The Virgin with Angels (), also known as The Song of the Angels is an oil painting by the French artist William-Adolphe Bouguereau. Its dimensions are 213.4 × 152.4 cm. It is exhibited at the Forest Lawn Museum.

William Bouguereau (1825–1905) painted the artwork in 1881. He studied at the Ecole des Beaux Arts in Paris, as well as in Rome, and was considered a leading French academic painter in the nineteenth century.  Legend has it that Bouguereau searched for a model for the painting’s figures and found them in his first wife, Nelly Monochablon, who posed for the angels, one by one, and at last, with a child in her arms. The painting shows a mother and child, calmly asleep in a pastoral setting, while a trio of angels hovers nearby. It highlights Bouguereau’s ability to render realistic flesh tones and subtle gradations of white. 
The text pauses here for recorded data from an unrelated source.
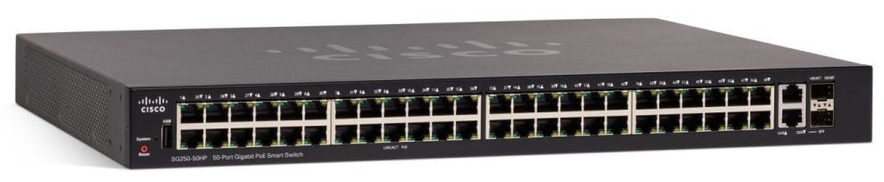 Cisco SG250-50P-K9-EU-RF. Switch type: Managed, Switch-laag: L2/L3. Type basis-switching RJ-45 Ethernet-poorten: Gigabit Ethernet (10/100/1000), Aantal basis-switching RJ-45 Ethernet-poorten: 48, Aantal USB 2.0-poorten: 1. MAC-adrestabel: 8000 entries, Switchingcapaciteit: 100 Gbit/s. Netwerkstandaard: IEEE 802.1D, IEEE 802.1Q, IEEE 802.1p, IEEE 802.1s, IEEE 802.1w, IEEE 802.1x, IEEE 802.3, IEEE.... Power over Ethernet (PoE). Rack-montage, Vormfactor: 1U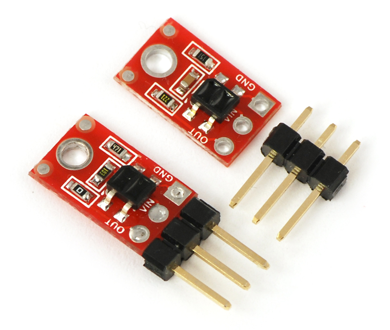 QTR-1A and QTR-1RC reflectance sensors with included 3×1 0.1" header pins.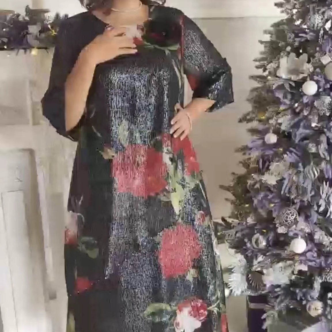 A csomag tartalma: 1* NĆi alkalmi kerek nyakĂș nyomtatott ruha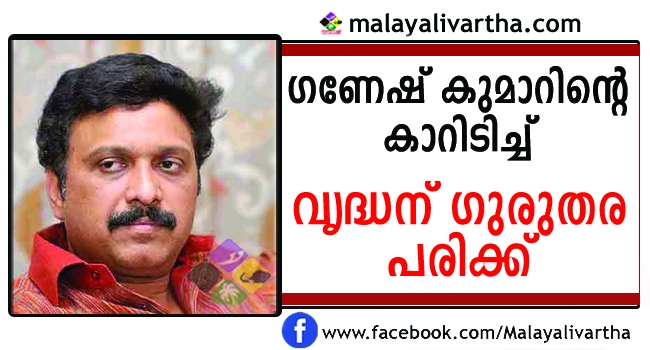 ഗണേഷ് കുമാറിന്റെ കാറിടിച്ച് വൃദ്ധന് ഗുരുതര പരിക്ക്. ചേര്ത്തല സ്വദേശി തങ്കപ്പനാണ് (68) പരുക്കേറ്റത്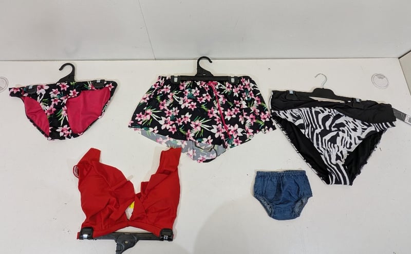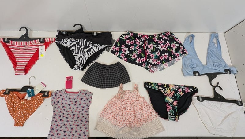 Box of Mixed Womens/Kids Miss Shop, Regatta, Roxy Swimwear, Bras/Bodysuits and Bottoms Sizes Fits: 000,S,M,3M,20,XXL,L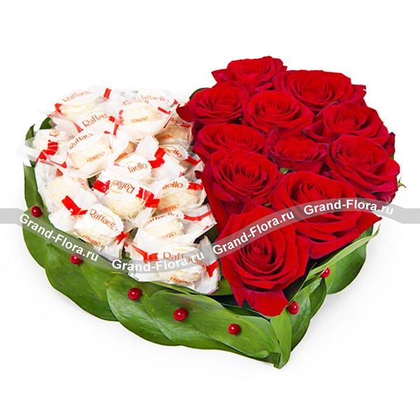 Стандартный (на фото): роза красная - 11 шт., рускус, конфеты Raffaello, оазис. Примерный размер: 25Х25 см.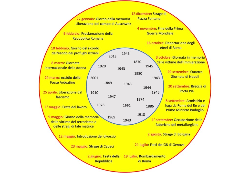 Le 22 date prese in esame coprono un arco di tempo di 164 anni (dal 1849 al 2013), la cui ricorrenza, di mese in mese e di anno in anno, dovrebbe garantire la consapevolezza sociale, civile e politica dei cittadini, nel più ampio quadro delle relazioni diplomatiche con gli altri paesi.

Song of the Angels was once a part of the Wanamaker Collection in Philadelphia. It was acquired by Forest Lawn Memorial Park in 1940 for a chapel in the Church of the Recessional. Originally, a stained-glass window was going to be the focal point of the chapel, but instead Forest Lawn decided to purchase the painting from Schnittjer’s gallery.  A large gothic-style liturgical frame was built for the painting by Forest Lawn craftsmen, and it is still presented in this wooden frame at the Forest Lawn Museum.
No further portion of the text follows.